Your objective>
Your answer must be an exact transcription of the data, with every picture omitted.

Source records:
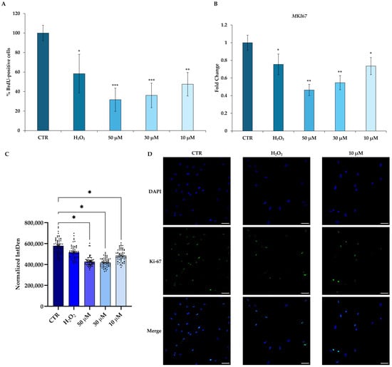 Moreover, to confirm the proliferation data, the expression of the MKI67 gene was investigated. Both treatments significantly reduced the expression of MKI67 mRNA, with a trend similar to that observed in the BrdU assay (Figure 3B). According to these results, the data obtained with the immunofluorescence assay showed a significant decrease in the number of Ki-67-positive cells (green signal) after treatment with t-BHP, already evident at the lowest tested concentration of 10 μM compared with CTR (Figure 3C,D and Figure S1). In addition, the weaker effect of H2O2 on the reduction in proliferation of hDMSCs compared with t-BHP was here confirmed (Figure 3C,D and Figure S1).
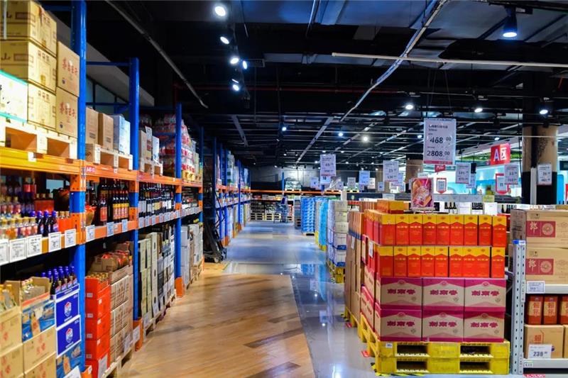 超市的布局分為酒水飲料區、生鮮食品,烘焙區、肉類海鮮區、休閑食品區、日用百貨等,擺放有序,品類齊全,一站式可以滿足家庭所需。
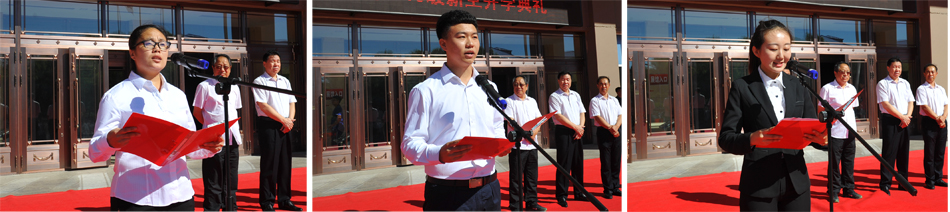 理学院牟艳男博士代表全体教师发言,她希望新生们尽快适应大学生活,坚定自己的理想,勤奋学习,发愤图强,立志成为有用之才;经济管理学院2014级国际经济与贸易专业马踞博同学向新生们分享了在学校学习、生活的经历和心得体会;新生代表2015级人文传媒学院广播电视编导专业马思然同学在发言中表达了成为一名黑河学院人的喜悦,并表示将不辱使命,成才报国。
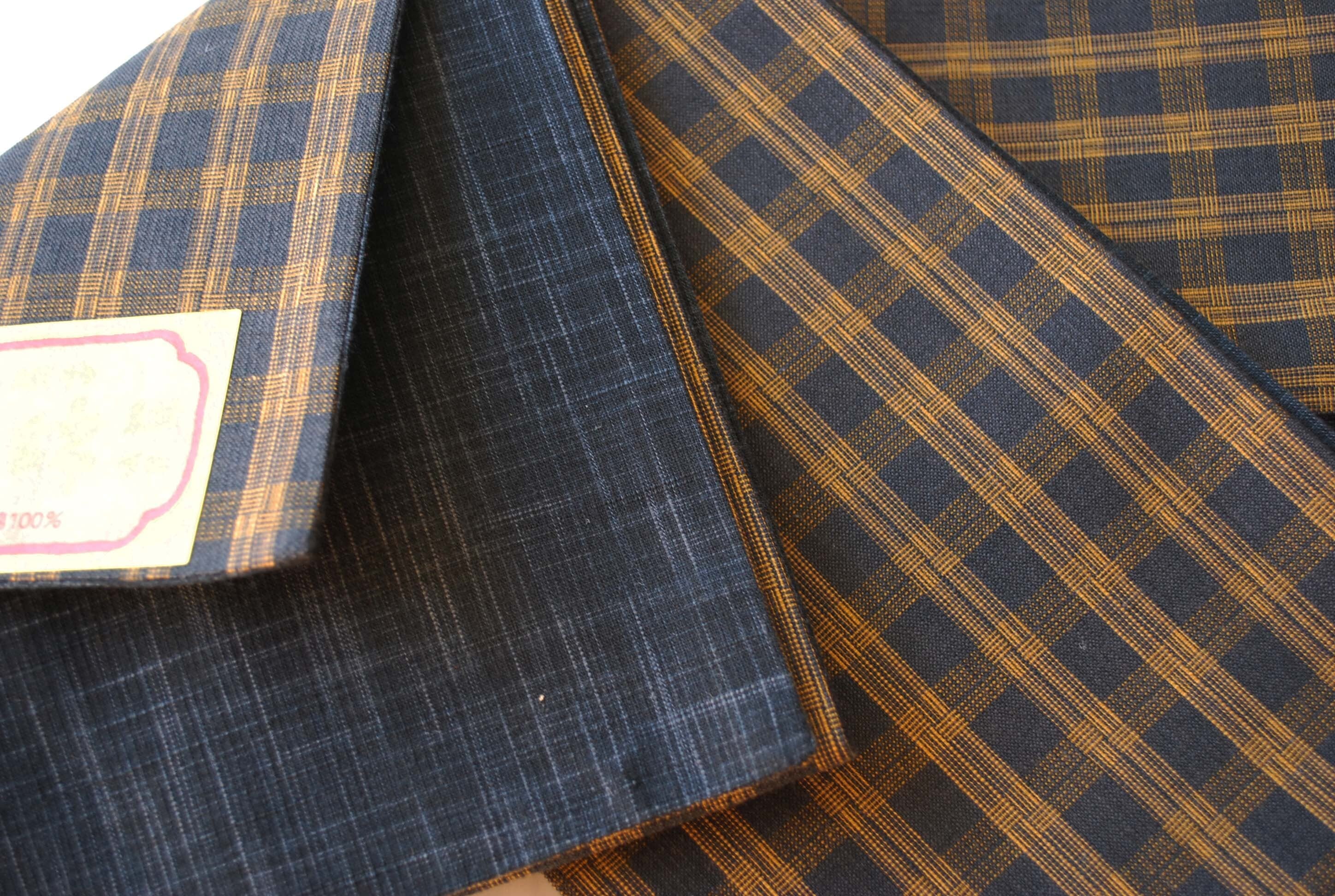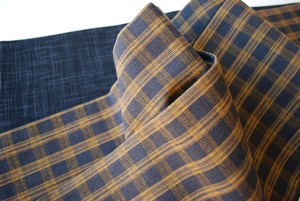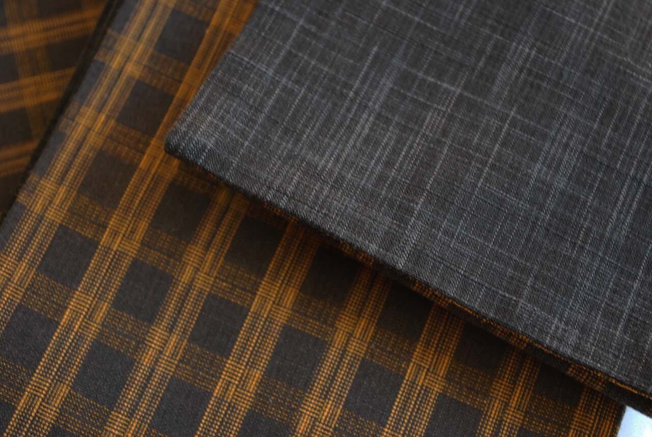 こちらは墨色と飴色の格子柄の織。
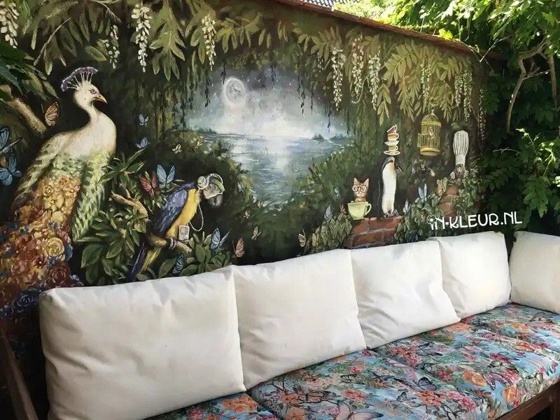 Muurschilderingen (2000 - 2022) Na mijn afstuderen aan de WDKA heb ik mij een tijd lang gespecialiseerd in het maken van muurschilderingen in opdracht voor zowel particulieren als bedrijven. Van grote projecten zoals bij een museum, zwembad of restaurant tot kleine schilderingen in babykamertjes. Hieronder een kleine selectie van alle muurschilderingen die ik in 20 jaar tijd heb gemaakt:
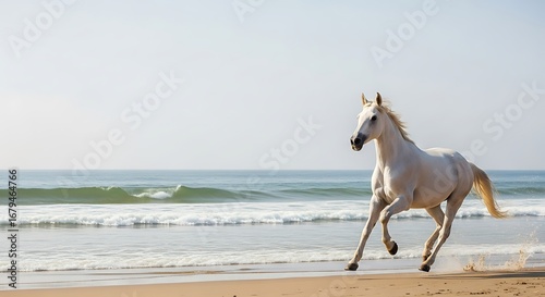 A majestic white horse gallops gracefully along a sunlit sandy beach with the vast ocean and gentle waves in the background.
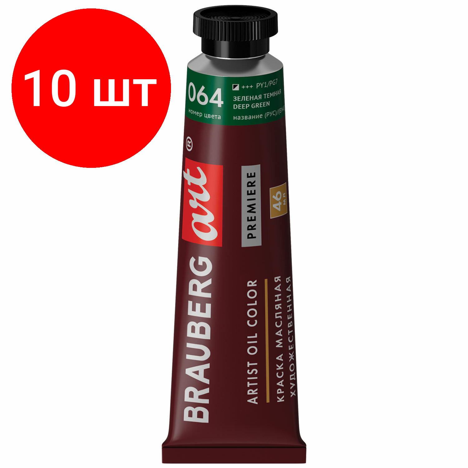 Комплект 10 шт, Краска масляная художественная BRAUBERG ART PREMIERE, 46 мл, проф. серия, красная прочная, 191449
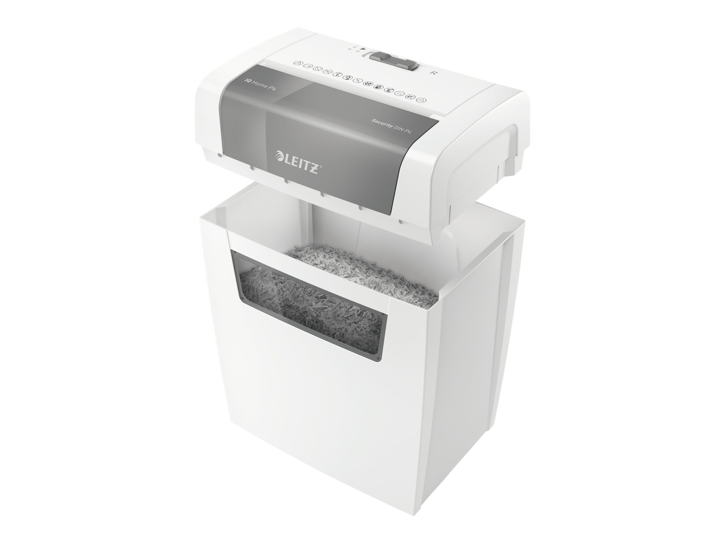 - Der LEITZ IQ Home Aktenvernichter mit Partikelschnitt P-4 schreddert bis zu 6 Blatt Papier mit einem Gewicht von 80 g/qm in kleinste Partikel von 4 x 28 mm.
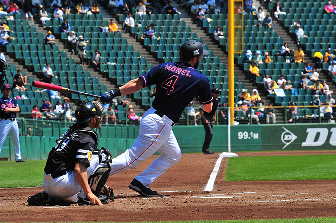 モレル選手は中前打を放ち出塁する
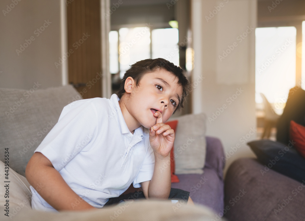 Cinematic portrait young boy biting finger and looking out with thinking face. Emotional Child deep in thought with a hand on lips, School kid sitting alone in living room after back from school.
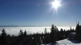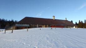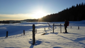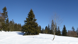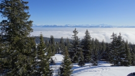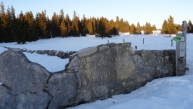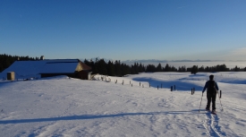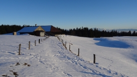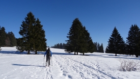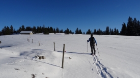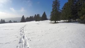 Sans surprise, nous prenons la route du Marchairuz car c’est un peu un des seuls endroits où nous sommes certains de trouver de la neige après une semaine encore de douceur. Nous nous arrêtons au parking du Sapin à Siméon.
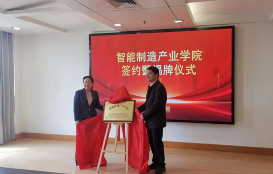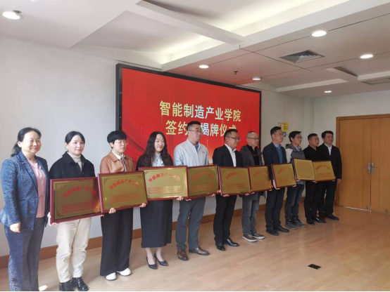 之后,我校与浙江省嘉兴市秀洲区人力资源和社会保障局、嘉兴市秀洲区金慧大员工社会工作服务中心及嘉兴市秀洲区8家代表性企业共同签署了《共建智能制造产业学院战略合作框架协议》,并一起为智能制造产业学院揭牌。
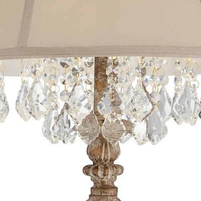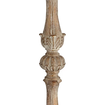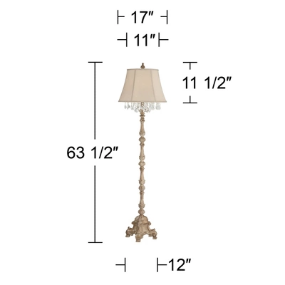 With intricate details throughout the base and lamp body, this candlestick floor lamp features a distressed finish for a vintage look. Topped with a cream colored bell shade with crystal glass beading. From the Duval French Crystal lighting collection.
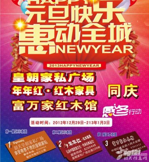 元旦快樂 惠動全城 皇朝家私廣場 年年紅.紅木家具 富萬家紅木館 三店同慶 活動時間:2012年12月29日--2013年1月3日
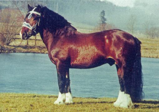 Deckhengst Ramsach, geboren 1977 (V: Ragurtha, MV: Nervus), hatte einen bedeutenden Einfluss in der Landeszucht. Insgesamt wurden elf männliche Nachkommen von ihm gekört. (Foto: Das Süddeutsche Kaltblut in Bayern von Dr. Berthold Karnbaum, Seite 41)

Response area>
 Moreover, to confirm the proliferation data, the expression of the MKI67 gene was investigated. Both treatments significantly reduced the expression of MKI67 mRNA, with a trend similar to that observed in the BrdU assay (Figure 3B). According to these results, the data obtained with the immunofluorescence assay showed a significant decrease in the number of Ki-67-positive cells (green signal) after treatment with t-BHP, already evident at the lowest tested concentration of 10 μM compared with CTR (Figure 3C,D and Figure S1). In addition, the weaker effect of H2O2 on the reduction in proliferation of hDMSCs compared with t-BHP was here confirmed (Figure 3C,D and Figure S1).
 超市的布局分為酒水飲料區、生鮮食品,烘焙區、肉類海鮮區、休閑食品區、日用百貨等,擺放有序,品類齊全,一站式可以滿足家庭所需。
 理学院牟艳男博士代表全体教师发言,她希望新生们尽快适应大学生活,坚定自己的理想,勤奋学习,发愤图强,立志成为有用之才;经济管理学院2014级国际经济与贸易专业马踞博同学向新生们分享了在学校学习、生活的经历和心得体会;新生代表2015级人文传媒学院广播电视编导专业马思然同学在发言中表达了成为一名黑河学院人的喜悦,并表示将不辱使命,成才报国。
 こちらは墨色と飴色の格子柄の織。
 Muurschilderingen (2000 - 2022) Na mijn afstuderen aan de WDKA heb ik mij een tijd lang gespecialiseerd in het maken van muurschilderingen in opdracht voor zowel particulieren als bedrijven. Van grote projecten zoals bij een museum, zwembad of restaurant tot kleine schilderingen in babykamertjes. Hieronder een kleine selectie van alle muurschilderingen die ik in 20 jaar tijd heb gemaakt:
 A majestic white horse gallops gracefully along a sunlit sandy beach with the vast ocean and gentle waves in the background.
 Комплект 10 шт, Краска масляная художественная BRAUBERG ART PREMIERE, 46 мл, проф. серия, красная прочная, 191449
 - Der LEITZ IQ Home Aktenvernichter mit Partikelschnitt P-4 schreddert bis zu 6 Blatt Papier mit einem Gewicht von 80 g/qm in kleinste Partikel von 4 x 28 mm.
 モレル選手は中前打を放ち出塁する
 Cinematic portrait young boy biting finger and looking out with thinking face. Emotional Child deep in thought with a hand on lips, School kid sitting alone in living room after back from school.
 Sans surprise, nous prenons la route du Marchairuz car c’est un peu un des seuls endroits où nous sommes certains de trouver de la neige après une semaine encore de douceur. Nous nous arrêtons au parking du Sapin à Siméon.
 之后,我校与浙江省嘉兴市秀洲区人力资源和社会保障局、嘉兴市秀洲区金慧大员工社会工作服务中心及嘉兴市秀洲区8家代表性企业共同签署了《共建智能制造产业学院战略合作框架协议》,并一起为智能制造产业学院揭牌。
 With intricate details throughout the base and lamp body, this candlestick floor lamp features a distressed finish for a vintage look. Topped with a cream colored bell shade with crystal glass beading. From the Duval French Crystal lighting collection.
 元旦快樂 惠動全城 皇朝家私廣場 年年紅.紅木家具 富萬家紅木館 三店同慶 活動時間:2012年12月29日--2013年1月3日
 Deckhengst Ramsach, geboren 1977 (V: Ragurtha, MV: Nervus), hatte einen bedeutenden Einfluss in der Landeszucht. Insgesamt wurden elf männliche Nachkommen von ihm gekört. (Foto: Das Süddeutsche Kaltblut in Bayern von Dr. Berthold Karnbaum, Seite 41)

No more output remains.